From mboxrd@z Thu Jan  1 00:00:00 1970
From: keith.busch@intel.com (Keith Busch)
Date: Sun, 3 Jan 2016 15:43:31 +0000
Subject: [PATCH 5/5] NVMe: IO queue deletion re-write
In-Reply-To: <20160103114052.GA24893@infradead.org>
References: <1451496471-29370-1-git-send-email-keith.busch@intel.com>
 <1451496471-29370-6-git-send-email-keith.busch@intel.com>
 <20151230180430.GA12828@infradead.org>
 <20151230190706.GC12454@localhost.localdomain>
 <20160102170730.GA30184@infradead.org>
 <20160102213008.GA10969@localhost.localdomain>
 <20160103114052.GA24893@infradead.org>
Message-ID: <20160103154331.GA31375@localhost.localdomain>

On Sun, Jan 03, 2016@03:40:52AM -0800, Christoph Hellwig wrote:
> How about something like the lightly tested patch below.  It uses
> synchronous command submission, but schedules a work item on the
> system unbound workqueue for each queue, allowing the scheduler
> to execture them in parallel.

This works if everything else works, but the failure cases are the hard
ones.
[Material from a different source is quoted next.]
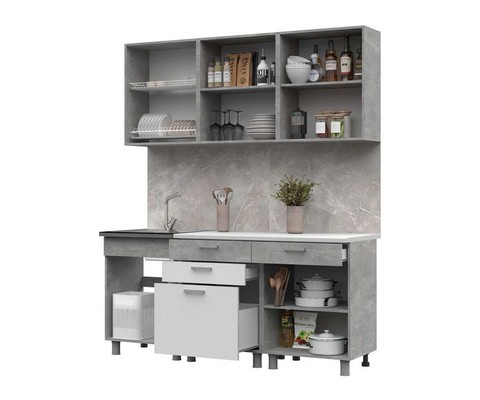 Кухня укомплектована наборной столешницей декора Антарес 26 мм. Каждый элемент столешницы закромлен по периметру, обеспечивая защиту в агрессивной влажной среде.

This'll deadlock if the controller stops responding during a reset,
which might be why the reset occured in the first place, and we can't
invoke another reset to clean up a failed reset.

We can use "wait_event_timeout" to fix the deadlock in the reset handler.
The handler will cancel IO's, ending work queue items waiting for command
responses. But that's only half of it. You'll also need something to end
work waiting for a request when more queues exist than admin tags.